Den Entschluss, diesen Film zu machen, hatte ich schon gefasst, bevor ich von diesem Bericht erfuhr. Aber der Film wäre ohne diesen Bericht nicht das geworden, was er ist. Ein junger Historiker, Felix Möller, hat mich auf den Jünger-Bericht aufmerksam gemacht. Ich konnte es gar nicht fassen, wie genau Jünger diese Ereignisse beschrieben hat, dass er auch die Briefe der Hingerichteten übersetzt hat.  Ich wollte den Film dann quasi aus zwei Perspektiven erzählen.
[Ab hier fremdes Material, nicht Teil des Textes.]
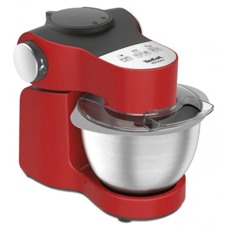 Кухонна машина TEFAL QB317538 WIZZO зробить приготування випічки та будь-яких різноманітних страв простішим, зручнішим і швидшим. Завдяки планетарному руху та запатентованій насадці Flex Whisk, кухонна машина Wizzo професійно змішує, замішує і навіть збиває потрібні для приготування інгредієнти. Будь-які солодкі або солоні страви, які ви плануєте випікати, вона з легкістю допоможе вам приготувати. Проста форма та компактний стильний дизайн доповнять інтер’єр будь-якої кухні. Елегантна чаша для змішування з неіржавкої сталі Чаша на 4 літри з неіржавкої сталі ідеально підходить для приготування великих об’ємів. Ви можете приготувати навіть 40 кексів або 3 піци (діаметром 28 см, на товстому тісті), щоб потішити сім’ю і друзів. Швидкий і потужний. Потужність 1000 Вт і 7 швидкостей забезпечують плавне, рівномірне перемішування. До комплекту входять насадки для шаткування з 3 барабанами, блендер, а також м’ясорубка з насадкою для ковбасок, що робить WIZZO універсальним помічником на кухні та замінює відразу 4 девайси, заощаджуючи і місце, і час приготування. Дивуйте всю сім’ю кулінарними шедеврами завдяки кухонній машині Tefal QB317538 WIZZO.

Aus der Jüngers und der des jungen Guy Môquet. Eine deutsche und eine französische also. Im Grunde sind es diese beiden Perspektiven, die den Film interessant machen, auch für die Franzosen. Aber für uns Deutsche ist es natürlich interessant, einmal den Guy Môquet zu entdecken und die französische Résistance einmal aus dieser Perspektive erzählt zu sehen. Und für die Franzosen war es interessant, dass ein Deutscher ihnen ihren eigenen Märtyrer erzählt. Auf diese Weise hat der Film eine innere Spannung erhalten, die das reine Nacherzählen von irgendwelchen Ereignissen nicht gehabt hätte.

Hat sich durch die Lektüre des Berichts Ihr Bild von Ernst Jünger verändert?
Ja, sogar sehr. Geschrieben ist der Bericht im reinsten Kanzleideutsch. Ernst Jünger hat wohl bewusst gesagt, ich bin zwar Schriftsteller, aber für dieses Dokument über die Geiselerschießung benutze ich nicht meine Schriftstellersprache, sondern ich schreibe das vollkommen neutral auf. Das heißt doch, dass er in der Vorstellung lebte, er könnte sich selbst aufteilen. Einerseits bin ich ein funktionierender Besatzungsoffizier und auf der anderen Seite bin ich der kultivierte Schöngeist. Und der eine hat mit dem anderen nichts zu tun. Das scheint mir aber geradezu schizophren. Er schreibt diesen Bericht und gleichzeitig schreibt er in seinem Tagebuch wunderbar blumige Beschreibungen von einem opiumartigen Rendezvous in der Bar des Hotel Raphael mit der schönen Sowieso.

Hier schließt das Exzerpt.